▸ **Required work**
Each line below should be retyped exactly, with no pictures.

▸ **Information provided**
* * *
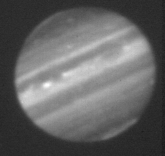 3.80-micron (L' filter) observation of Jupiter taken by the staff of NASA's Infrared Telescope Facility (IRTF) using the guide camera of the SpeX facility infrared spectrometer as a part of a program to characterize atmospheric variability in Jupiter to support the Juno mission. This filter is sensitive to sunlight reflected from clouds as deep as 1 bar, plus some additional radiation from H3+ aurora toward the poles.
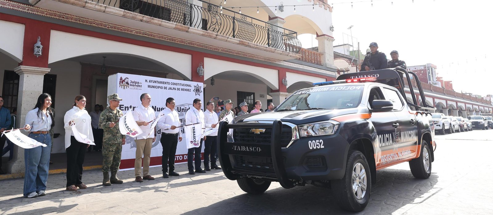 Tabasco registra avances en materia de seguridad, aseguró el gobernador Javier May Rodríguez, al encabezar en Jalpa de Méndez el banderazo de salida de nuevas patrullas y la entrega de uniformes y útiles escolares para hijas e hijos de elementos de la corporación policiaca.
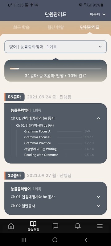 - Verifique o progresso detalhado dos materiais de aprendizagem do seu filho
* * *
▸ **Response box**
 3.80-micron (L' filter) observation of Jupiter taken by the staff of NASA's Infrared Telescope Facility (IRTF) using the guide camera of the SpeX facility infrared spectrometer as a part of a program to characterize atmospheric variability in Jupiter to support the Juno mission. This filter is sensitive to sunlight reflected from clouds as deep as 1 bar, plus some additional radiation from H3+ aurora toward the poles.
 Tabasco registra avances en materia de seguridad, aseguró el gobernador Javier May Rodríguez, al encabezar en Jalpa de Méndez el banderazo de salida de nuevas patrullas y la entrega de uniformes y útiles escolares para hijas e hijos de elementos de la corporación policiaca.
 - Verifique o progresso detalhado dos materiais de aprendizagem do seu filho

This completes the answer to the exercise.